Task directions – Reproduce word for word the lines between the one containing "俄国末代沙皇尼古拉二世一家,他的妻子亚历" and the end of the entries below, both inclusive; leave out pictures.

Provided entries –
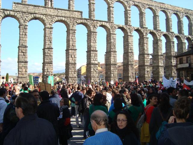 Unas mil personas, convocadas por la Plataforma Unitaria Contra la Crisis – Cumbre Social de Segovia (PUCC-CSS), recorrían las calles de la ciudad del acueducto esta mañana pidiendo, por los recortes, la corrupción y sus mentiras y engaños, la dimisión del Gobierno, apostando por el «trabajo y la democracia» y defendiendo la lucha unitaria para lograrlo.
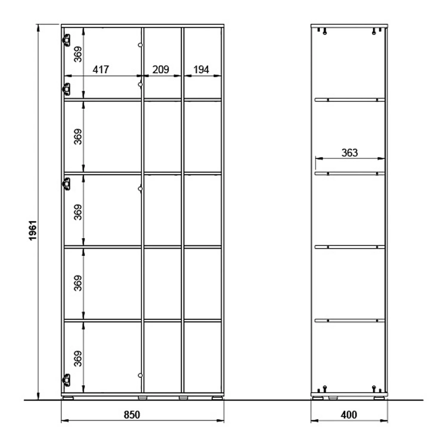 - Weitere Maße: je Schrank: Breite 85 cm
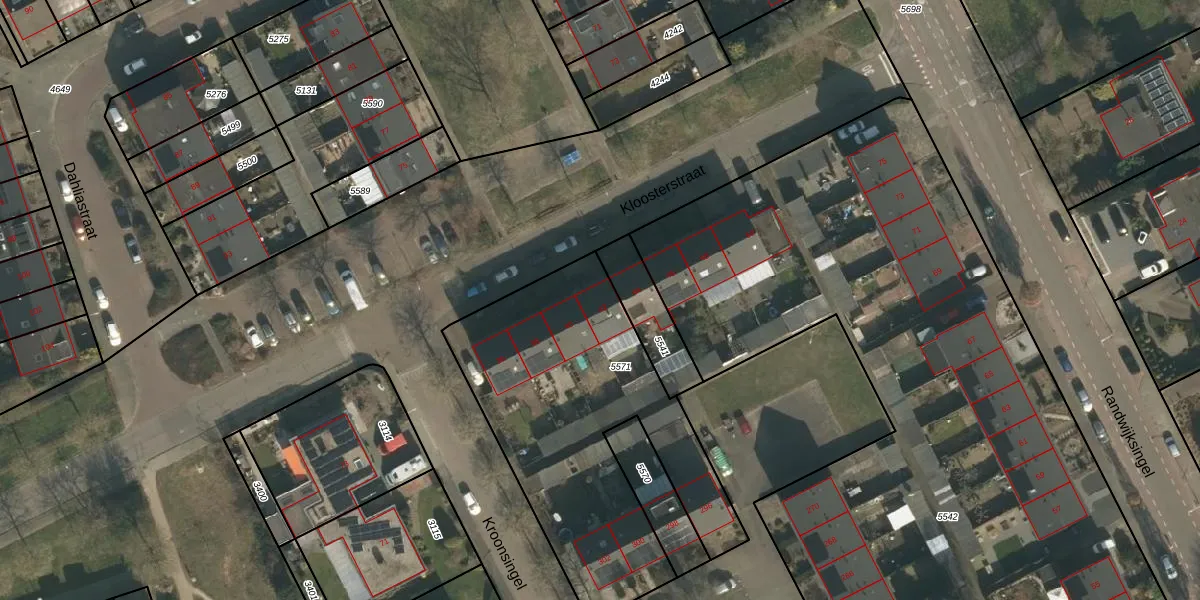 Het perceel waarop Kloosterstraat 42 staat heeft een oppervlakte van 1428 m². Dit is een zeer groot perceel. De perceeloppervlakte wordt geregistreerd door het Kadaster. Gedetailleerde informatie over de maten van dit perceel kunt u vinden in het rapport Kadastrale kaart met maatvoering van Kloosterstraat 42.
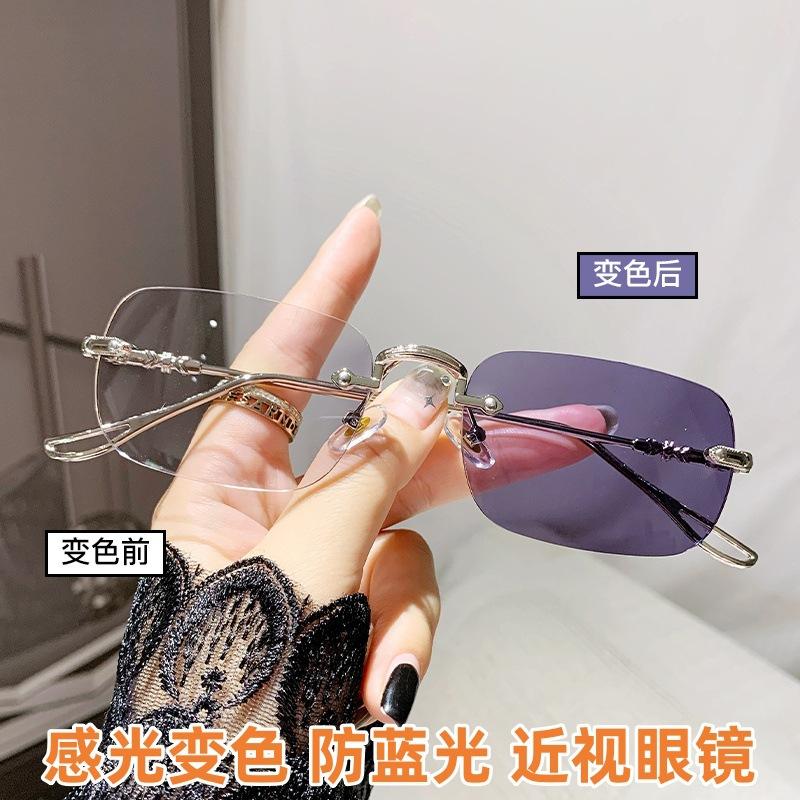 Светочувствительные цветные анти-синие очки без оправы для студентов с плоскими линзами Готовые очки для близорукости
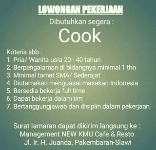 New KMU Cafe and Resto merupakaan sebuah tempat yang bergerak di bidang Cafe yang berada di daerah Slawi, Tegal. Saat ini sedang membutuhkan lowongan pekerjaan untuk di tempatkan pada posisi sebagai berikut.
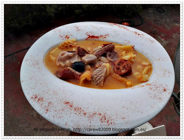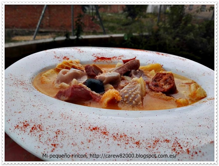 Una vez ha hervido durante media hora a fuego máximo, se añaden los callos, el morro, los huesos de jamón, el tocino y que hiervan durante unas 2 horas aproximadamente, (1 hora en olla exprés).
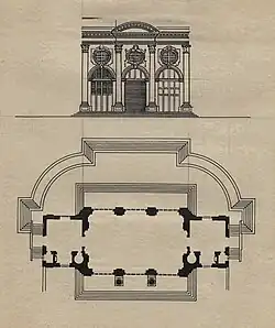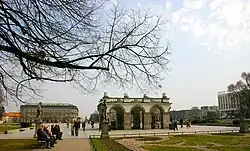 - The Great Salon, situated on the axis in the center of a Saxon Garden, was intended simply to provide a suitable end to the main garden axis. It was constructed after 1720 according to Matthäus Daniel Pöppelmann's design.[4] The building was opened to the garden by semicircular porte-fenêtres and oculi. A terrace above the ground level of the building was enclosed by an attic decorated with vases; also, two outhouses from both sides were added. The Great Salon was demolished in 1817.[6]
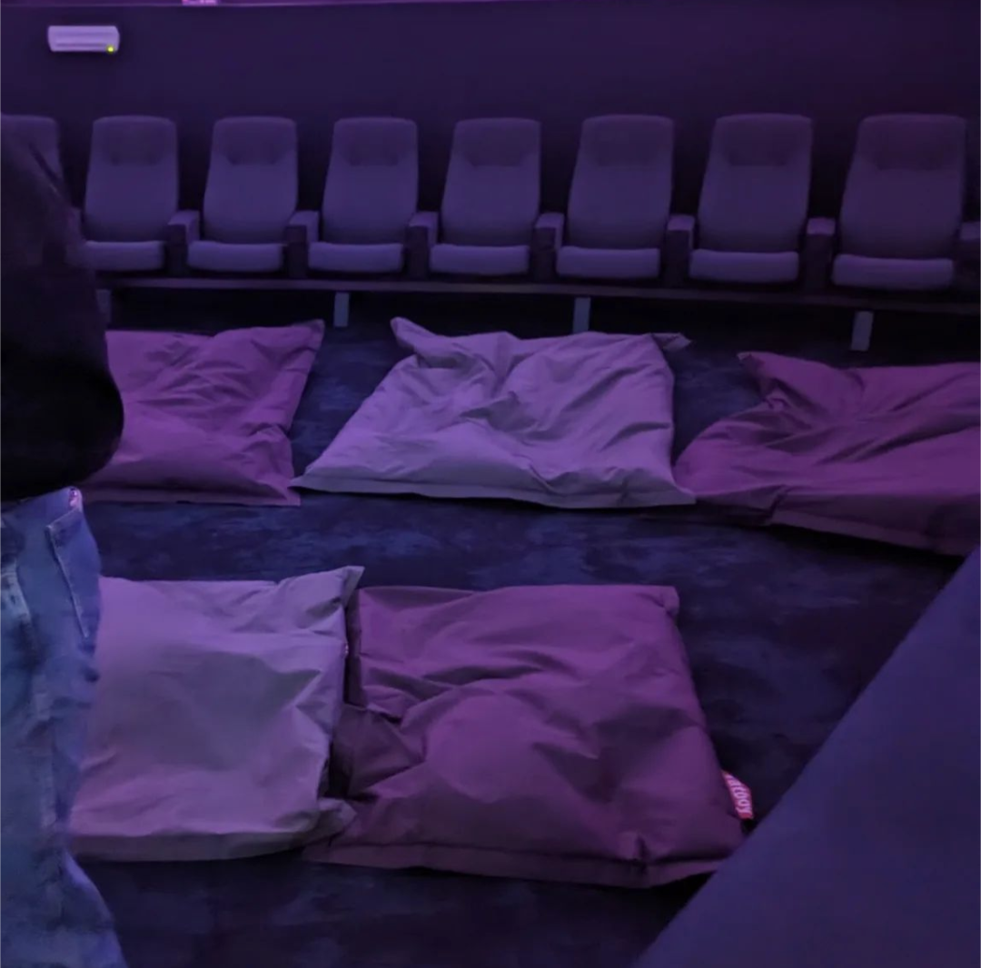 - Several large open soft-seating areas (beanbags available), but area is on a slight slope towards stage
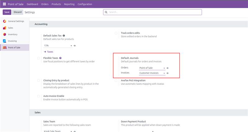 Under Accounting settings in Point of Sales configuration there you need to set the default journal for POS orders and invoices
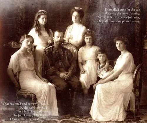 俄国末代沙皇尼古拉二世一家,他的妻子亚历山德拉是维多利亚女王的外孙女,携带血友病基因,小儿子阿列克谢是血友病患者
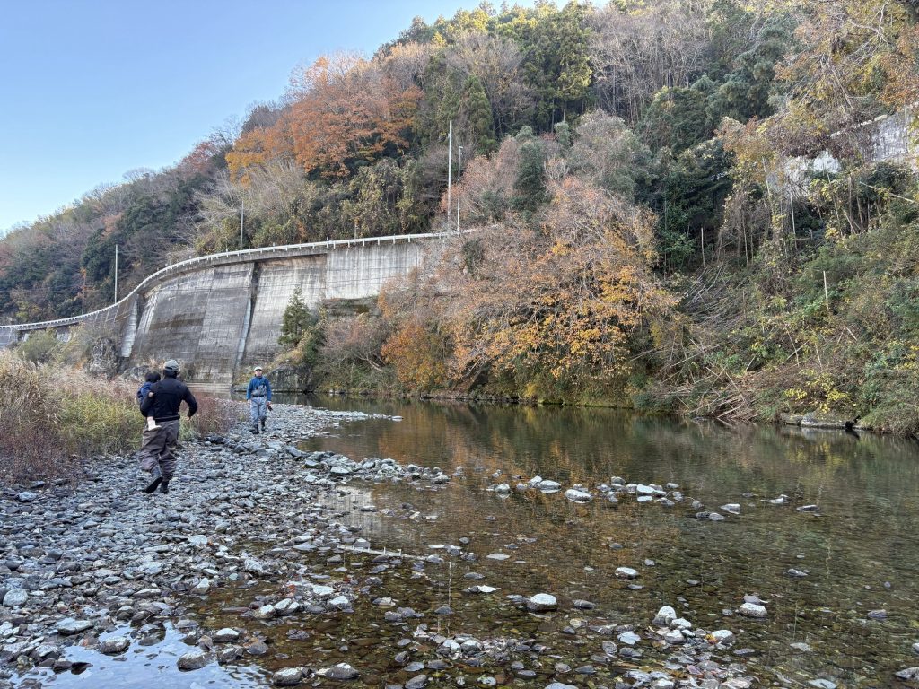 まずは、第1回のwsで作ったバーブ工(河原から飛び出すように作った石組み)の確認。所々壊れていたけど、しっかり落ち葉を溜めて、水生生物も確認できました。

Reply to the exercise –
 俄国末代沙皇尼古拉二世一家,他的妻子亚历山德拉是维多利亚女王的外孙女,携带血友病基因,小儿子阿列克谢是血友病患者
 まずは、第1回のwsで作ったバーブ工(河原から飛び出すように作った石組み)の確認。所々壊れていたけど、しっかり落ち葉を溜めて、水生生物も確認できました。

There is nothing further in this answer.